Data under study:
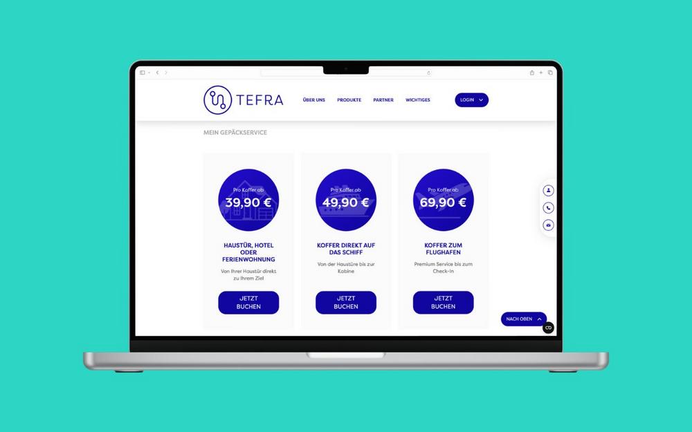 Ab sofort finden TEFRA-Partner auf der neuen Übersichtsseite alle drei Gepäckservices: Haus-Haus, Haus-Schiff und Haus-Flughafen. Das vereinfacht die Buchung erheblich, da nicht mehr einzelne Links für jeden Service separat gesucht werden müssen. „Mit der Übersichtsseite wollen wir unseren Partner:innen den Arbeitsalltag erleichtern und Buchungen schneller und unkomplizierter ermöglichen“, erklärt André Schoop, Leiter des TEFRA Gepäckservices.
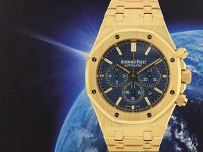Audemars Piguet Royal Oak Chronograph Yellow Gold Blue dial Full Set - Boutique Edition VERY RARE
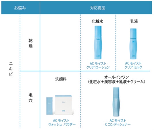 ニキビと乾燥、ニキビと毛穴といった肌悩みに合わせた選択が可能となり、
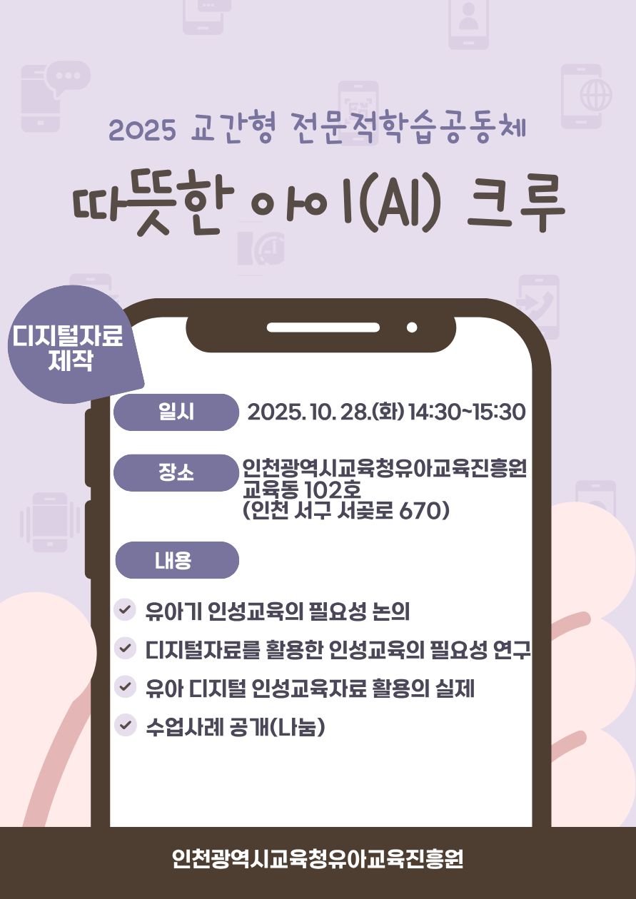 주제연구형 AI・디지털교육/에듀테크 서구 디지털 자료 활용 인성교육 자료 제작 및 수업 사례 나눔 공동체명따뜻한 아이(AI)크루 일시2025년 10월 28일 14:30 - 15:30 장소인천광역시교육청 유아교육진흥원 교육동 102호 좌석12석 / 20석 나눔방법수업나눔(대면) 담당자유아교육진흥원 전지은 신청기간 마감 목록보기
==
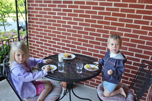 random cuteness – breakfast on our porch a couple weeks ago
---
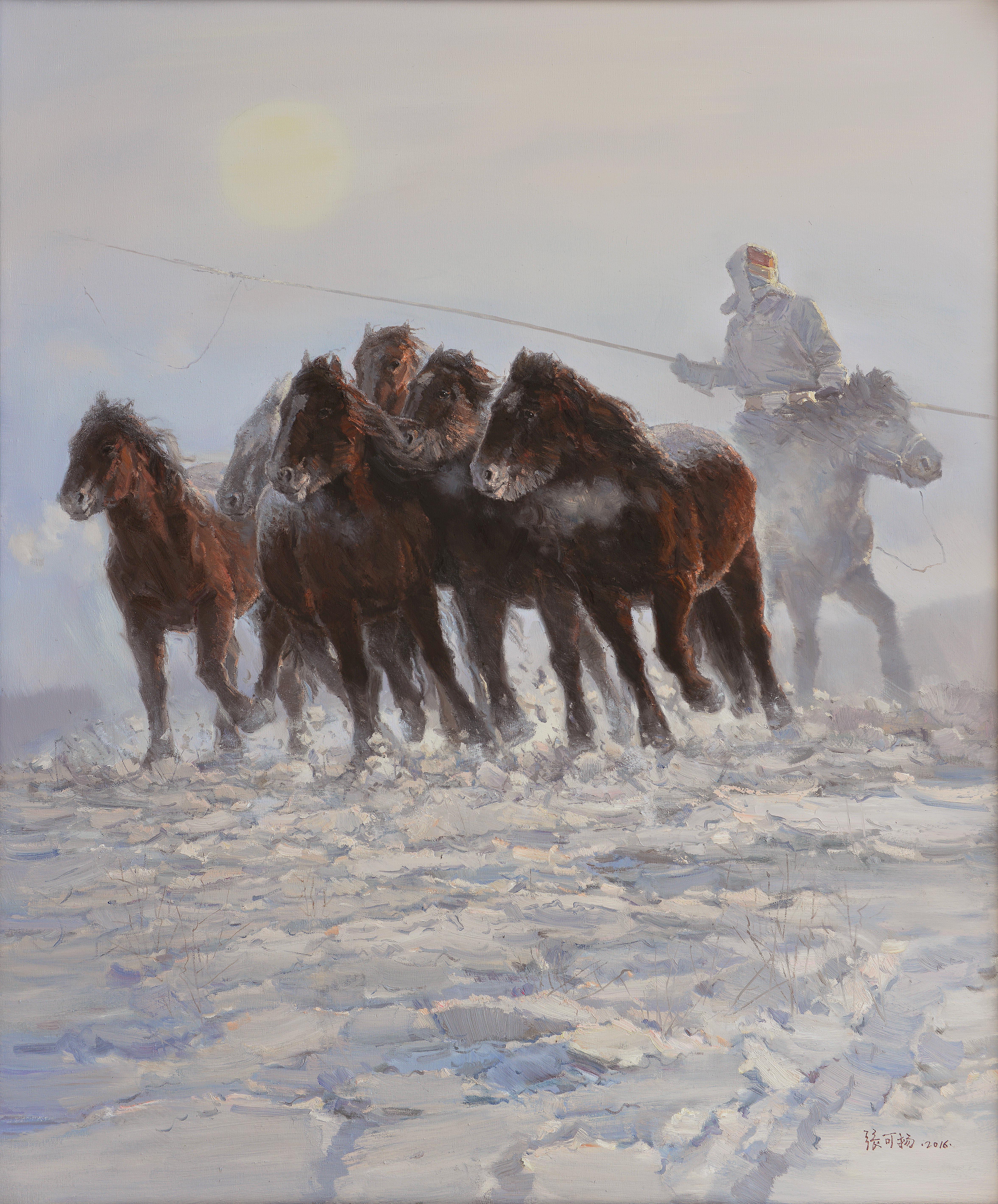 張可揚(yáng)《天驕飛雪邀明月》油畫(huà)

What the exercise asks: Going by the entries above, repeat exactly the lines that start at the line with "Audemars Piguet Royal" and go on through the line with "주제연구형 AI・디지털교육/에듀테크 서구". Pictures are not part of the copy.

Answer to this task:
Audemars Piguet Royal Oak Chronograph Yellow Gold Blue dial Full Set - Boutique Edition VERY RARE
 ニキビと乾燥、ニキビと毛穴といった肌悩みに合わせた選択が可能となり、
 주제연구형 AI・디지털교육/에듀테크 서구 디지털 자료 활용 인성교육 자료 제작 및 수업 사례 나눔 공동체명따뜻한 아이(AI)크루 일시2025년 10월 28일 14:30 - 15:30 장소인천광역시교육청 유아교육진흥원 교육동 102호 좌석12석 / 20석 나눔방법수업나눔(대면) 담당자유아교육진흥원 전지은 신청기간 마감 목록보기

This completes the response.